2. Oxygen-containing compound The oxygen-containing compound is a compound containing an oxygen atom, and examples thereof include oxygen, ozone, nitrogen dioxide, water, hydrogen peroxide, formic acid, acetic acid, and acetic anhydride. Of the oxygen-containing compounds, water is preferable. The oxygen-containing compounds can be used alone or in combination of two or more.

3. Film Forming Method Next, an aluminum-containing oxide thin film is formed on the film formation object by an atomic layer deposition apparatus. In the present embodiment, the case where the aluminum-containing oxide thin film is an aluminum oxide thin film will be described in detail.

  The atomic layer deposition apparatus is a known atomic layer deposition apparatus (ALD apparatus), which includes a first raw material container that contains an aluminum-containing composition, a second raw material container that contains an oxygen-containing compound, and a first raw material container. A chamber (reaction chamber) capable of supplying an aluminum-containing composition and capable of supplying an oxygen-containing compound from a second raw material container.

  Such an atomic layer deposition apparatus may be a single wafer type apparatus or a batch type apparatus capable of simultaneously processing a large number of sheets. As a vaporization supply method of the atomic layer deposition apparatus, a baking method can be cited.

  Further, the film formation target is not particularly limited. Examples of the material of the film formation target include silicon, fine ceramics (for example, ceramics such as silicon nitride, titanium nitride, tantalum nitride, titanium oxide, titanium nitride, ruthenium oxide, zirconium oxide, hafnium oxide, lanthanum oxide), glass, and the like. , Metals (for example, ruthenium) and the like.

  In addition, examples of the shape of the film formation target include a plate shape, a spherical shape, a fiber shape, and a scale shape. The film formation surface of the film formation target may be a flat surface or may have a three-dimensional structure such as a trench structure. Among such film formation objects, a silicon wafer on which silicon is formed in a plate shape is preferable.

  In order to form an aluminum oxide thin film on a film formation object by the atomic layer deposition apparatus, first, the film formation object is placed in the chamber of the atomic layer deposition apparatus.

  Next, the temperature in the chamber of the atomic layer deposition apparatus is raised to the reaction temperature (growth temperature) and adjusted to a predetermined reaction pressure.

  The reaction temperature (growth temperature) is not particularly limited as long as the aluminum oxide thin film is formed. For example, the reaction temperature is 10 ° C. or higher, preferably 100 ° C. or higher, more preferably 150 ° C. or higher, for example 500 ° C or lower, preferably 400 ° C or lower, and more preferably 300 ° C or lower.

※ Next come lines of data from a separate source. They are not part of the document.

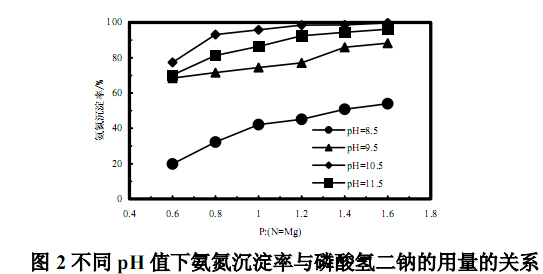 圖2是在保持鎂的用量為1不變,改變磷的添加量(表示為P:(N=Mg))在不同pH值時(shí)氨氮沉淀率的試驗(yàn)結(jié)果。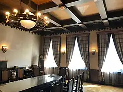 The Art Deco style chamber was created by painter Gerardas Bagdonavičius.[6] It was designed as a symbol of Lithuania's present.[3] The chamber has one of two fireplaces in the building; this one is made from faux black marble. The chamber is furnished with hand-carved table and chairs designed by Bagdonavičius in 1937: a conference table 4 metres (13 ft) in length, 12 armchairs, 12 chairs, 12 stools, two side tables, and a display cabinet.[5] The room displays artillery shells from the Lithuanian Wars of Independence, linen canvas, and framed Vytis.[6]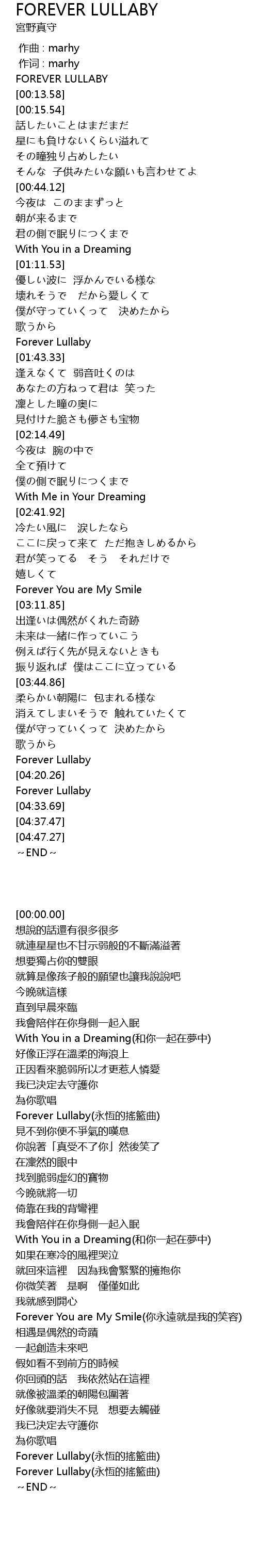 | [04:27.50] | Forever Lullaby |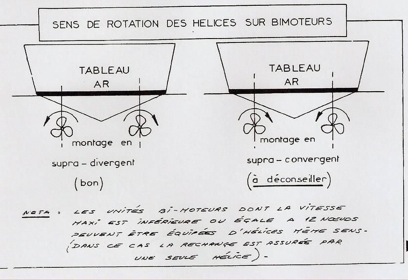 |  pas à gauche et pas à droite d'une hélice | Si on en monte une seule, elle peut être "à droite" : elle tourne dans le sens horaire en marche avant ; ou "à gauche" qui tournera dans le sens inverse. Par contre, si on en installe deux, elles doivent être de pas contraire pour contrer l'effet de couple.
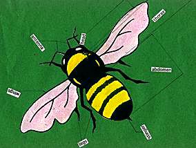 The bumble bee is a hairy bug with a stinger. It is not very big. It is black and yellow. The bumble bee has six legs and four see-through wings.

  If the reaction temperature (growth temperature) is not less than the above lower limit and not more than the upper limit, the growth film thickness per unit cycle described later can be reliably improved.

  The reaction pressure is, for example, 1 Pa or more, preferably 10 Pa or more, more preferably 100 Pa or more, for example 10,000 Pa or less, preferably 1000 Pa or less, more preferably 200 Pa or less. Note that the inside of the chamber of the atomic layer deposition apparatus is preferably replaced with an inert gas atmosphere. As an inert gas, helium, argon, nitrogen etc. are mentioned, for example, Preferably nitrogen is mentioned.

  Next, the vaporized aluminum-containing composition is supplied to the film formation target in a state where the inside of the chamber is maintained at the reaction temperature and the reaction pressure (first supply step).

  In the atomic layer deposition apparatus, the aluminum-containing composition may be vaporized in the first raw material container or in the chamber.

  The vaporization temperature (baking temperature) for vaporizing the aluminum-containing composition is, for example, 0 ° C. or higher, preferably 20 ° C. or higher, for example, 150 ° C. or lower, preferably 40 ° C. or lower.

  As a result, trimethylaluminum and dimethylaluminum hydride are adsorbed (deposited) on the surface of the film formation target (film formation surface) to form a single-layer precursor thin film.

  Next, excess (non-adsorbed) aluminum-containing composition gas or by-produced gas is exhausted from the chamber (first exhaust process).

  As an exhaust method, for example, an inert gas is supplied into the chamber and the inside of the chamber is purged, and the inside of the chamber is reduced to, for example, 0.01 Pa to 300 Pa, preferably 0.01 to 100 Pa. Examples include a method of exhausting the gas in the chamber, a method combining them, and the like. As such an exhausting method, preferably, an inert gas is supplied into the chamber and the inside of the chamber is purged.

  As an inert gas, the inert gas similar to the above is mentioned, for example, Preferably nitrogen is mentioned.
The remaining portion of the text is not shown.